The problem is they didn’t prepare. They didn’t have a plan that would keep them engaged and ensure they felt they were still contributing.
Most of these great-grandparents don’t have the strength or stamina to babysit young children on a regular basis so it is their children, the grandparents, who take on this role when necessary.
Adjusting to new limitations of an aging body can be challenging and depressing.
Having a realistic view of how things might work, or not when you enter this stage of life is crucial in designing a plan.
HOW I STARTED PLANNING AHEAD
It is no secret how much I adore my role of Grandy to the Goddesses and most of my peers expected that would be enough, particularly as I’m still working.
They were astounded when I started my blog with the aim to take up writing again full time.
It was really tough too. Most of the minutes of most of my days are planned and I had no intention of giving up precious memory-making
moments with the Goddesses.
Somehow I found the time to learn a whole bunch of technical stuff I had never given thought to before.
At this point in my life, time slips through my fingers like water from an open tap.
But I had looked into the future. I had seen those adorable Goddesses leading the very busy and rewarding lives I’m craving for them to have.
I don’t want them to feel responsible for entertaining me and filling up my time.
An article I recently read had tips for good deeds you can do in a day. Top of the list was calling your grandmother.
Instead of the all-embracing and oh so exciting event of a visit to Nan’s, calling her becomes a good deed for the day.
PLANNING AHEAD TO STAY CONTENTED
Like parents, grandparents need to be prepared to let go and not rely on the younger generations in their family to fulfil them.
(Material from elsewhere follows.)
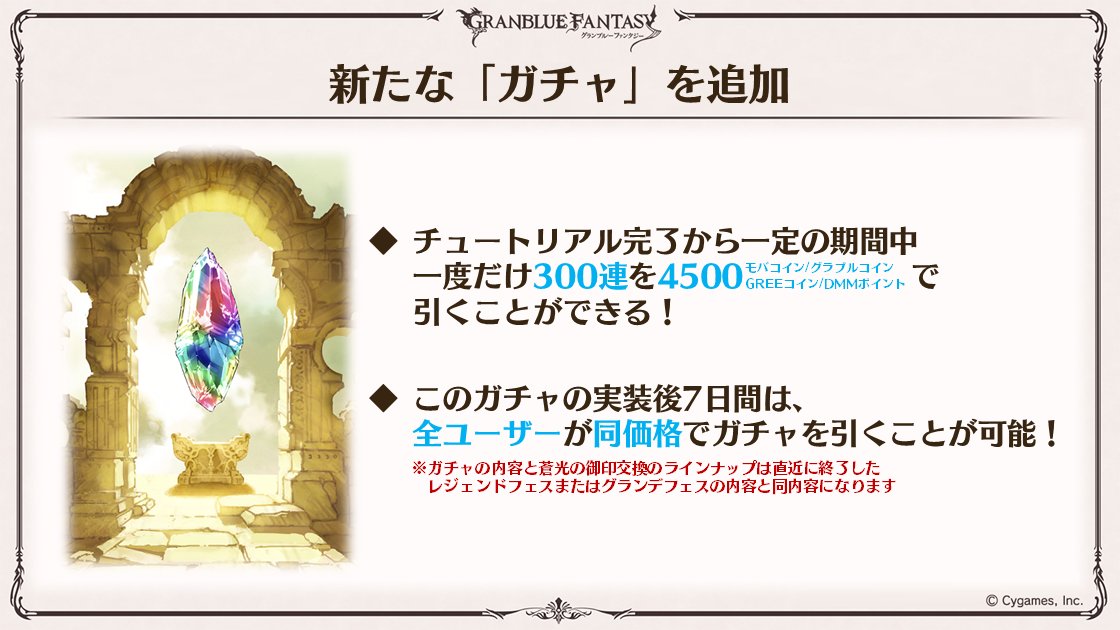 最初の発表を素直に文面通りで読み取るなら、①4500円を支払うと300連引く権利が取得可能②300回引くと通常通りにリストの武器or石を輝石交換可能③リストはガチャの購入権利取得時点を基準に、その直前のフェスが対象④購入権利取得は、新規の場合は登録して開始する時期次第でフェスがレジェンド・グランデのどちらかになる④既存登録者は基本的に購入不可だが、救済措置として「4500円ガチャ実装からX日間のみ購入可能」となる・・・で、この④は実装時期が不明だから「レジェorンデのどちらか」なんだけど、実際には運営が実装した日付基準で固定されるから購入者であるプレイヤーは何をどうやっても選べない…となるはず
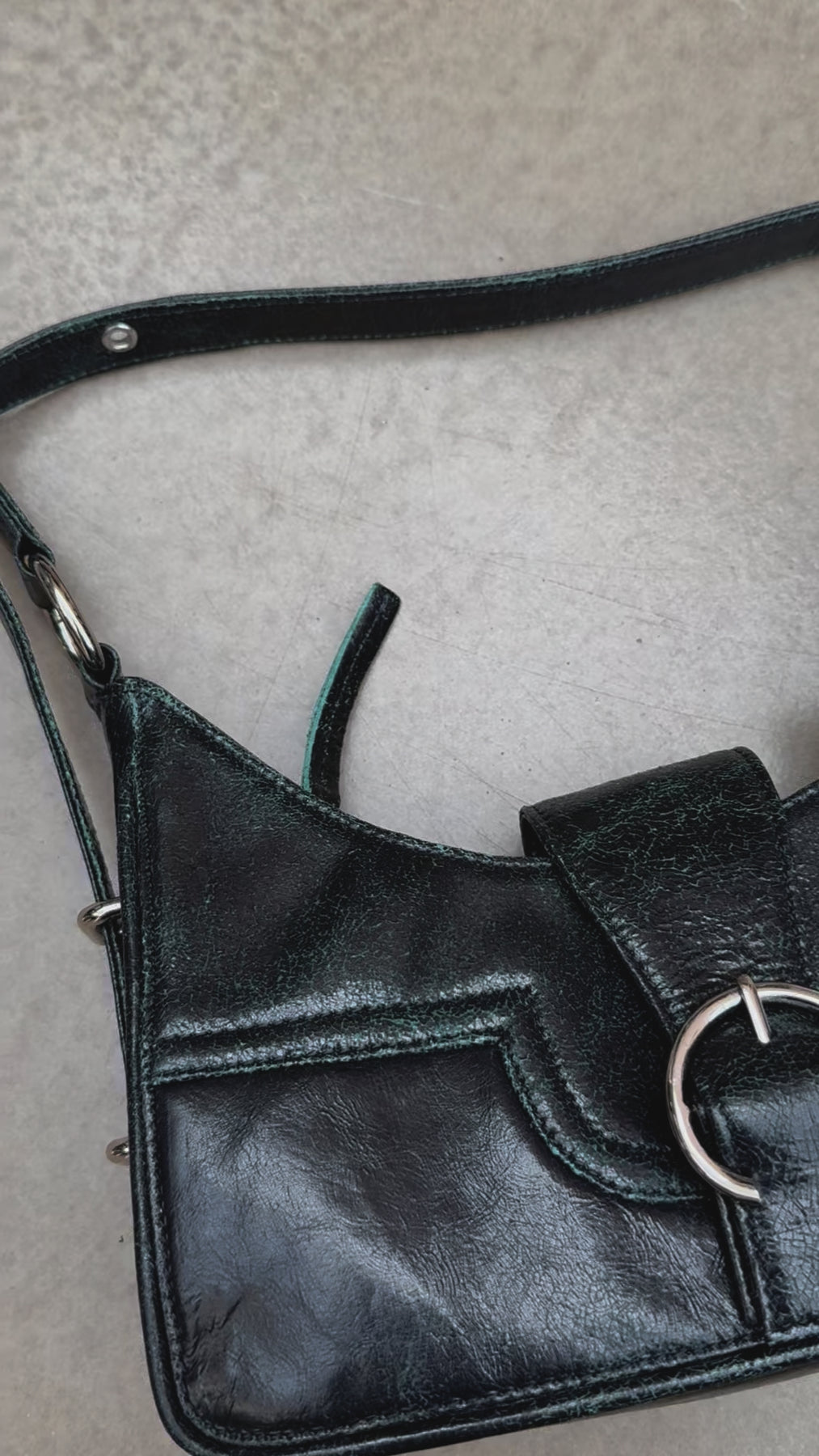 • Farveafsmitning og patinering i det krakelerede læder kan forekomme – især ved kontakt med lyse tekstiler og overflader. Dette er en del af taskens unikke karakter og bør betragtes som en naturlig udvikling af materialet.

Fulfilment comes from within and the plans you make to keep life interesting.
Sometimes the planning requires immediate action to lay the foundations for your goal to flourish.
I’m all for enjoying every second I can with all of my family and for living in the moment, but I also understand the necessity of planning for a future that is less busy.
Contentment is defined as a mental or emotional state of satisfaction – a state of having accepted one’s situation.
It is a wonderful feeling but if you want it to last you must be prepared for the changes ahead.
Don’t allow the contentment comfort cushion stop you from making the time to plan ahead and lay some foundations if necessary.
Close your eyes for a moment and picture yourself in 30 years’ time.
What are you doing? Are you happy and fulfilled? Do you feel useful and important?
You should and you can. It’s all in the plan.
Happy planning and have a gleeful week, Tamuria.